In Gaelic folklore, hawthorn (in Scottish Gaelic, sgitheach and in Irish, sceach) 'marks the entrance to the otherworld' and is strongly associated with the fairies. Lore has it that it is very unlucky to cut the tree at any time other than when it is in bloom; however, during this time, it is commonly cut and decorated as a May bush (see Beltane). This warning persists to modern times; folklorist Bob Curran has questioned whether the ill luck of the DeLorean Motor Company was associated with the destruction of a fairy thorn to make way for a production facility.

The superstitious dread of harming hawthorn trees prevalent in Britain and Ireland may also be connected to an old belief that hawthorns, and more especially 'lone thorns' (self-seeded specimens standing in isolation from other trees) originate from lightning or thunderbolts and give protection from lightning strikes.

Hawthorn trees are often found beside clootie wells; at these types of holy wells, they are sometimes known as rag trees, for the strips of cloth which are tied to them as part of healing rituals. 'When all fruit fails, welcome haws' was once a common expression in Ireland.

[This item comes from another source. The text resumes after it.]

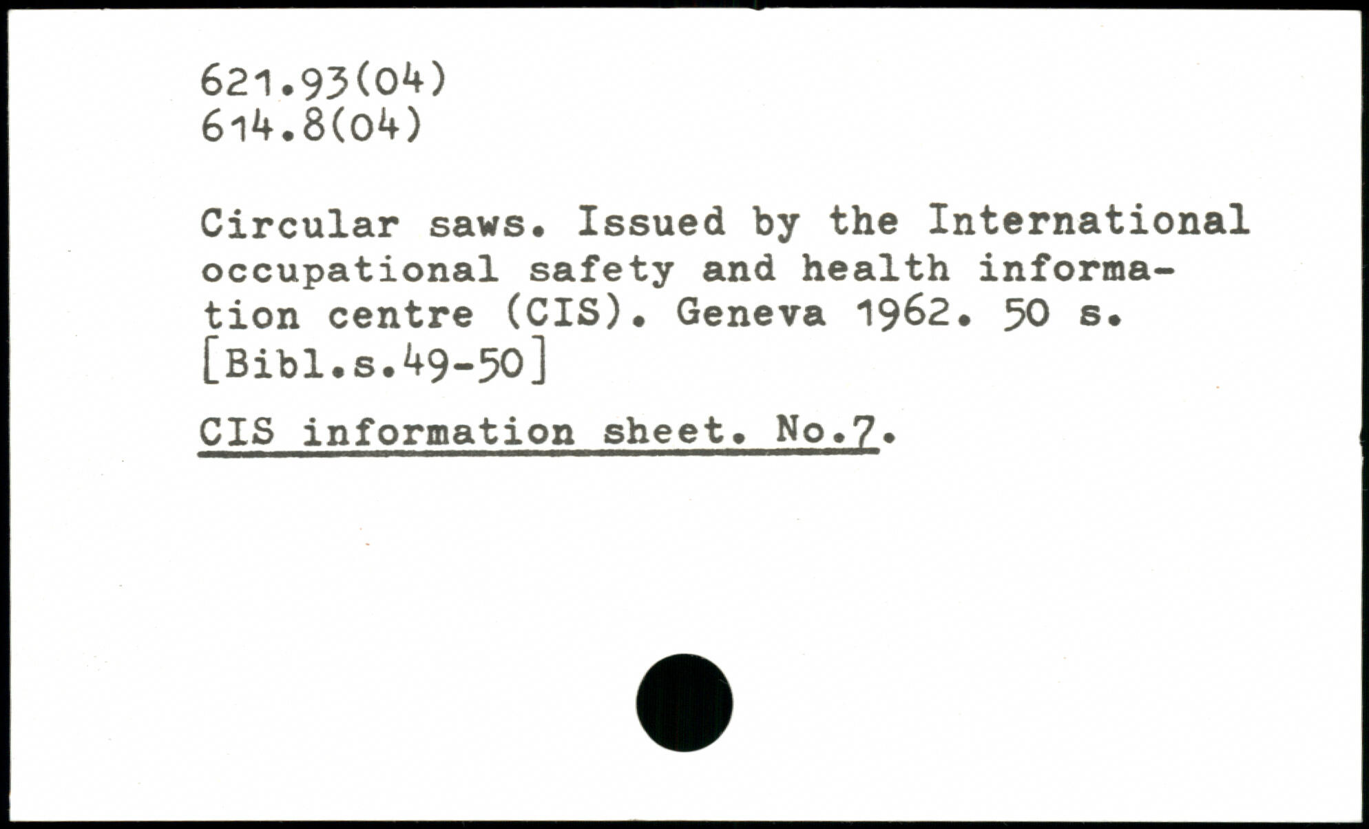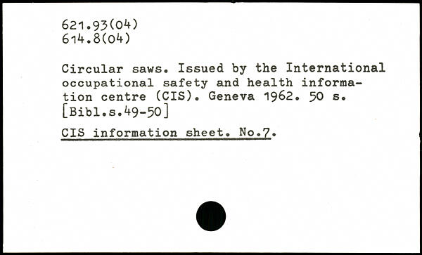 Circular saws. Issued by the International occupational safety and health information centre (CIS). Geneva 19&2.

According to a medieval legend, the Glastonbury thorn, C. monogyna 'Biflora', which flowers twice annually, was supposed to have miraculously grown from a walking stick planted by Joseph of Arimathea at Glastonbury in Somerset, England. The original tree was destroyed in the sixteenth century during the English Reformation, but several cultivars have survived. Since the reign of King James I, it has been a Christmas custom to send a sprig of Glastonbury thorn flowers to the Sovereign, which is used to decorate the royal family's dinner table.

In the Victorian era, the hawthorn represented hope in the language of flowers.

The hawthorn – species unspecified – is the state flower of Missouri. The legislation designating it as such was introduced by Sarah Lucille Turner, one of the first two women to serve in the Missouri House of Representatives.